# Alfalfa Hay and Pellet Question



## cyanne (Oct 12, 2009)

Okay, I need some help figuring out a feed question.  Is there something in alfalfa that goats need that would not be met by feeding pelleted goat ration? Also, what purpose do beet pulp shreds serve or what advantage is there to adding them to a feeding program?

I have Nigerian Dwarf goats; 4 adult does, currently pregnant, 1 wether, and 1 buck (the boys are 8 months old) currently sharing a pen (the boys are in temporarily for breeding).  These guys are used for milk and are shown so I want them to be in their best physical condition, not skinny and not overfed or fat.

Currently, I feed Purina Noble Goat pellets and free-choice coastal hay.  They get a mix of 1 cup each of the Noble Goat with about 1/4 cup (per goat) of black oil sunflower seeds twice a day and have unlimited access to the coastal hay and Purina loose goat minerals.

Now, I see that a lot of people add alfalfa pellets or alfalfa hay to this mix...I sometimes feed alfalfa as a treat, but it is not a regular part of their diet.  Are they missing out on something important?

If I add the alfalfa pellets, how much per goat should I add to their twice-daily ration?  Should I subtract some of the Noble Goat and add the alfalfa pellets or just give it in addition to what I already feed?

As for the beet pulp shreds, what do they add?  How much and how often do you feed of this?

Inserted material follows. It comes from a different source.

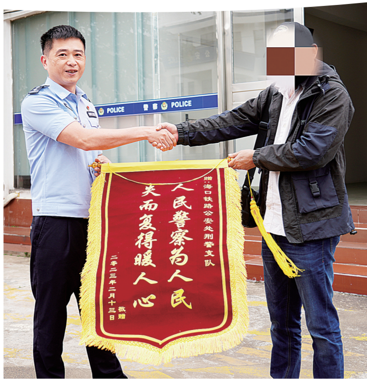
受害人将锦旗送给海口铁路公安处刑警支队民警

I know that if you ask 10 people about goat feed you can get 10 answers, but I just want to try to fine tune my own program so my goats are getting what they need without over-complicating things.  Also, many of the feed programs I see seem to be for the large goats so I am struggling with adapting that to my own herd of little Nigi's.  
Right now, all of my goats seem to be in great shape, nobody is thin or looks overweight, but I want to make sure I am feeding the right nutrients for their internal health.


----------



## kimmyh (Oct 12, 2009)

I feed straight alfalfa and my grain mix, which among other things includes shredded beet pulp. Alfalfa and beet pulp are higher in calcium than nearly all types of grass hay. Alfalfa pellets are not a grain, so you would not need to reduce your grain ration, if you are adding them to your feeding program. Goats need the fiber of hay, with pieces of 1-3" in order to properly develop their rumen, and aid digestion. For that reason, we do not feed straight bagged feed, it has to be in addition to hay. Trying to provide enough calcium for a pregnant doe can be a challenge in some situations. If I was adding alfalfa pellets, I would start with 2-3 cups and work up from there. Free choice alfalfa pellets will not hurt them, once they learn to eat them, but like I said before, they also need some type of hay.


----------



## cyanne (Oct 12, 2009)

kimmyh said:
			
		

> I feed straight alfalfa and my grain mix, which among other things includes shredded beet pulp. Alfalfa and beet pulp are higher in calcium than nearly all types of grass hay. Alfalfa pellets are not a grain, so you would not need to reduce your grain ration, if you are adding them to your feeding program. Goats need the fiber of hay, with pieces of 1-3" in order to properly develop their rumen, and aid digestion. For that reason, we do not feed straight bagged feed, it has to be in addition to hay. Trying to provide enough calcium for a pregnant doe can be a challenge in some situations. If I was adding alfalfa pellets, I would start with 2-3 cups and work up from there. Free choice alfalfa pellets will not hurt them, once they learn to eat them, but like I said before, they also need some type of hay.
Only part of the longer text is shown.